Munzer could feel his heart pounding in his shirt as he struggled to get a parking space outside Smith's Diner.
"You look kinda poiple," said the man in the next booth a half hour later, when Sid Munzer finally had been seated by a harried little hostess with pink cheeks.
"I look poiple," Munzer said, "because I yam." He added: "Say, you sound like someone from back home."
"Flatbush," the stranger said. He vaguely resembled Sid's old barber, Greenbaum, who had gold teeth and a fluffy wig.
"Cooper Square," Sid said. "We musta gone to different schools together." It was an old expression, and he laughed.
The girl came with the pad. "You fellas know each other?"
Sid shrugged. What was to say?
"Would you mind scooting in one booth together?

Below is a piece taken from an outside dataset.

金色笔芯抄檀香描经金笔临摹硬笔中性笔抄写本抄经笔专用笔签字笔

We've got people waiting for miles."
"You're telling me," Sid said. He started to rise, but she carried the stranger's coffee over to make the exchange go faster. Sid ordered lunch; the same thing he had every day; egg salad on toast, no lettuce, tomato, special peppercorn pepper from the kitchen; decaf black, one packet Shugaroo sweetener.

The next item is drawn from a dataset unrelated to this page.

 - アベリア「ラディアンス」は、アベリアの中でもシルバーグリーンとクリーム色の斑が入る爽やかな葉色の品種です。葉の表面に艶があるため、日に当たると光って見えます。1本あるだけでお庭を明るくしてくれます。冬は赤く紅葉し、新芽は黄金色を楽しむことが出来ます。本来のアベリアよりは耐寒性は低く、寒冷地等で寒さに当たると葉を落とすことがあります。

"Thanks, guys." Off she went in a swish of apron ends.
"Goldberg," the stranger said, offering a knobby hand.
"Munzer," Sid rejoined, shaking. The other man's grip was broad, dry, and firm. "What's with this place? This morning all of a sudden I think it's midtown Manhattan in the rush hour."
Goldberg chuckled at some secret. "How long you been?"

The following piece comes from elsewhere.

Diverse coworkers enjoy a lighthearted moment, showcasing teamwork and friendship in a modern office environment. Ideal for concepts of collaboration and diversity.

"Just two months. My son's out here, accountant, big practice. They're all set, him and the daughter in law, so when my wife, lifeboat, passed on in the spring they said Dad come on stay with us, you can water the flowers and walk to the library. Population 5,000 they said. Phah!"
Goldberg nodded. "I understand you. I came here five years ago and before then I knew nothing about people."
"People?" Sid said, puzzled. "Here they all are." He turned slowly holding the palms of his hands up, like a weather vane. There were thousands of them. Tourists? Mostly in T-shirts and shorts and sandals, of course it was high summer. Sweaty. Hungry-looking. "They want to watch us eat?"